1 Implementing a vector class

1.1 Retrieving elements by index

• We want to support operator[] in O(1) time.

• Natural choice is to use an array.

For example, we could declare the data members for a vector like this:

template <typename Object>
class Vector
{
  ⋮
  private:
    int theSize;
    int theCapacity;
    Object* objects;
};

with objects being a pointer to a dynamically allocated array.

The theSize and theCapacity variables track how many elements are in the array and how large the array is, respectively.

This makes many of the operations very easy to implement. For example, indexing into the vector is done by applying the same index to the array objects.
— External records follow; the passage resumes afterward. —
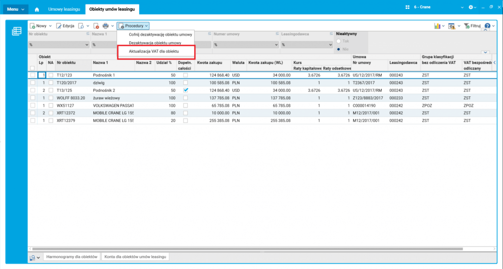 Ostatnim krokiem jest uruchomienie procedury Aktualizuj VAT dla obiektu w słowniku Obiekty umów leasingu. Procedura ta przeliczy i wypełni związane z umowami harmonogramy płatności, z uwzględnieniem podziału elementy opłaty leasingowej oraz VAT odliczany bezpośrednio i bez odliczenia, zgodnie z limitami określonymi dla poszczególnych umów.
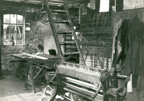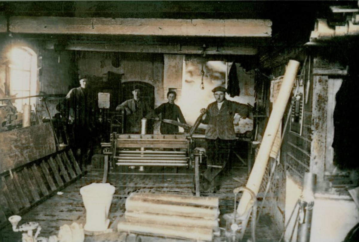 De oorlogsjaren waren een moeilijke tijd. Desondanks kon Jan zijn werk doorzetten en werkte inmiddels met vaste kameraden. Er was een eigen werkplaats. Jan staat rechts op de foto.
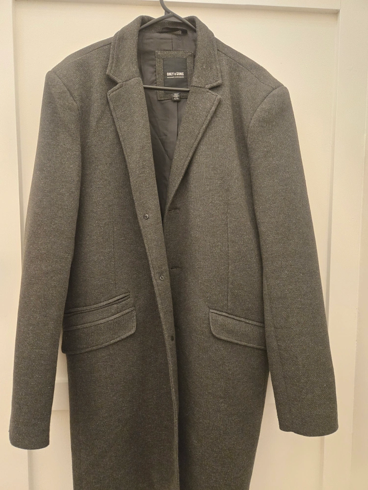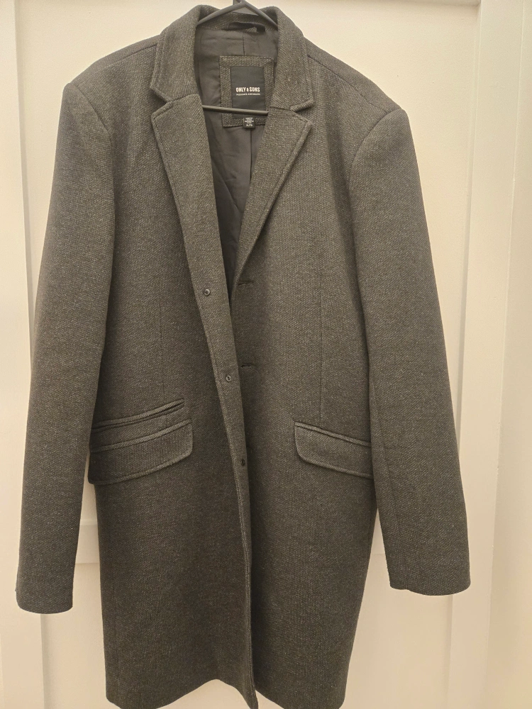 Here's a stylish new never worn wool blend overcoat from ONLY & SONS. It's a size XL and in great condition. Perfect for adding a touch of class to your wardrobe!

    Object & operator[]( int index )
    {
        return objects[ index ];
    }

    const Object & operator[]( int index ) const
    {
        return objects[ index ];
    }

The at function makes this a bit safer:

    Object & at( int index )
    {
        if( index < 0 || index >= size( ) )
            throw ArrayIndexOutOfBoundsException{ };
        return objects[ index ];
    }

    const Object & at( int index ) const
    {
        if( index < 0 || index >= size( ) )
            throw ArrayIndexOutOfBoundsException{ };
        return objects[ index ];
    }

by checking to be sure the index is in a valid range.

1.2 push_back: Adding to the end of a vector

But the real question is, how do we allow vectors to grow to arbitrary size?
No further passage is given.